Since I am traveling to Kansas this weekend (currently writing this from the airplane), I figured a pumpkin-based post was in order for the plethora of squash I’m about to consume this weekend. Last fall when I visited my mom around the same time, she had a row of about fifteen butternut squash lining a bench in her dining room. That’s what happens when you have a garden in the middle of nowhere Kansas (what I like to refer to it as) – vegetables to last you a lifetime. Living in the city doesn’t give me these options, therefore, I’ll be easing into this season we all know and love with the canned version of pumpkin, thrown into a mason jar and served up for breakfast. A recipe you can pull together in less than ten minutes at night in order to grab and go for the morning.

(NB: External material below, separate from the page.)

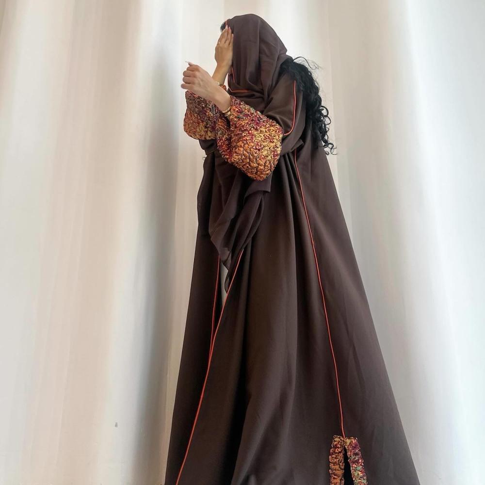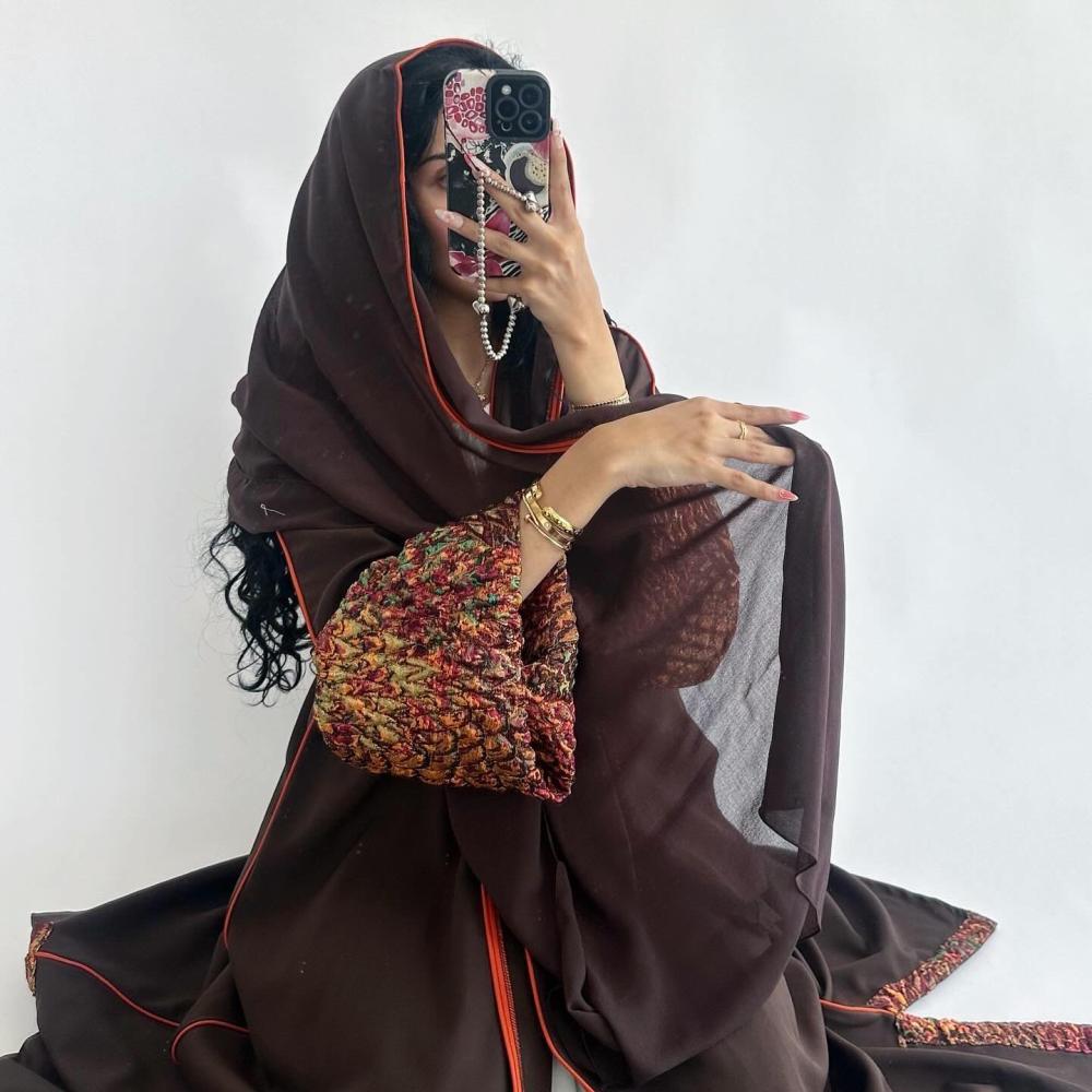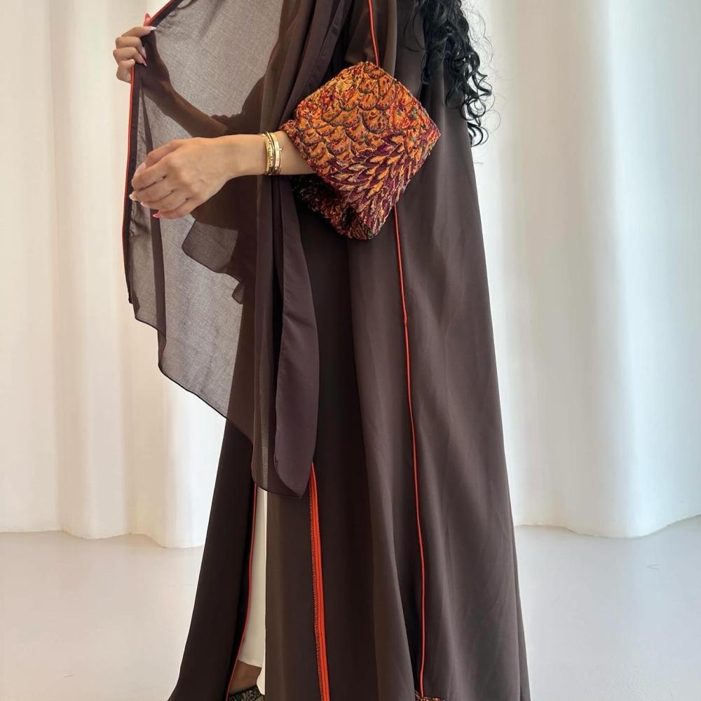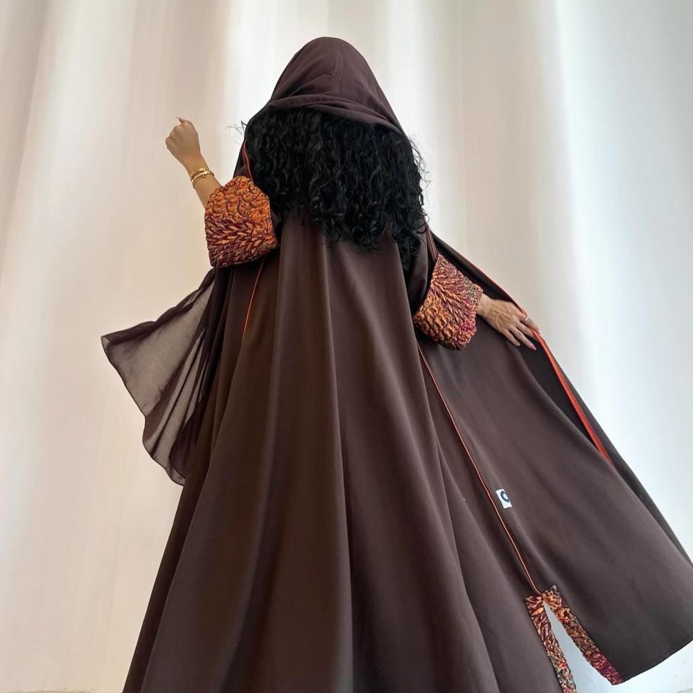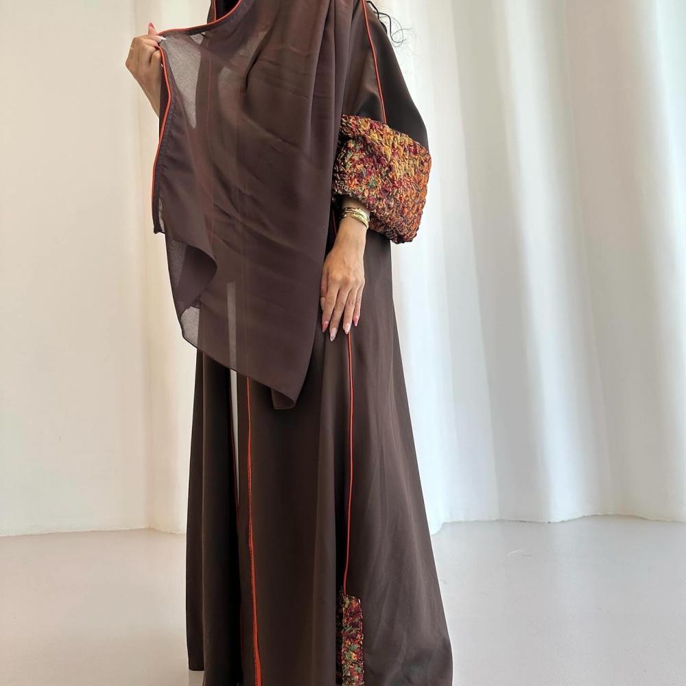 كتان تايواني بني | الكم سفطه تفته جاكار بنقشه مموجه بارزه " سفطه غير مثبته " | قيطان كامل العبايه | كسرات صغير من الجوانب | الطرحه شيفون ساده بقيطان

This recipe is not only requires no fruit prepping but tastes and smells surprisingly like the real pumpkin pie your grandma bakes for the holidays. I don’t know about you but I’d much rather eat my dessert for breakfast, especially if it’s layered In a mason jar, all photogenic and stuff. Who doesn’t love pretty desserts?
- ½ cup steel cut oats
- ½ cup unsweetened almond milk
- 1 tbsp chia seeds
- ½ cup 100% pure pumpkin puree
- 2 tsp pumpkin pie spice (Trader Joe's)
- ⅓ cup Siggi's Dairy plain or vanilla yogurt
- ¼ cup Purely Elizabeth Pumpkin Fig or Original granola
- ¼ crushed pecans
- Begin by measuring ¼ cup oats out into a mason jar, followed by ¼ cup almond milk and 1 tbsp chia seeds. Mix with a spoon.
- Follow by half of your pumpkin puree, pumpkin spice and yogurt.
- Repeat the oat layer (the ¼ cup), followed by the other ¼ cup of almond milk (this time without chia seeds). Do the same with your pumpkin layer.
- Lastly, add your pecans and granola for a final touch.
- Place in refrigerator overnight (or for at least 3 hours to soak), take out in the morning and enjoy!
While making this recipe, I originally wanted to include banana or apple. Some type of fruit to compliment the savory components of the pumpkin and oatmeal. Realizing I didn’t have either of those options and the only fruit hidden in my kitchen were berries… I knew I had to go fruit-less for these oats. Thankfully, this turned out to be my favorite overnight oats recipe to date. The creaminess of the Siggi’s Dairy yogurt added that whipped cream aspect to the pumpkin, as the oats and pecans lend way to the crust portion of this pumpkin pie in a jar. Healthy twists on holiday classics – just what I love.
I’ve never been a huge pecan pie kinda girl but I can’t see myself using any other nut with this recipe. Pecans remind me of the pecan pies and bars I always see at family parties and pass by, thinking who even likes this stuff? My mom always has some readily on hand for my step-dad too and now I can clearly see why. They’re freakin’ delicious!
This is the best bite-sized treat to enjoy with a homemade pumpkin spice latte like I did (coffee blended with a scoop of pumpkin puree and milk) or some hot tea, cozied up in a blanket, right before heading out the door. You’ll be wanting it day after day these next two months!
What are your favorite pumpkin or squash involved recipes? Dessert or entree?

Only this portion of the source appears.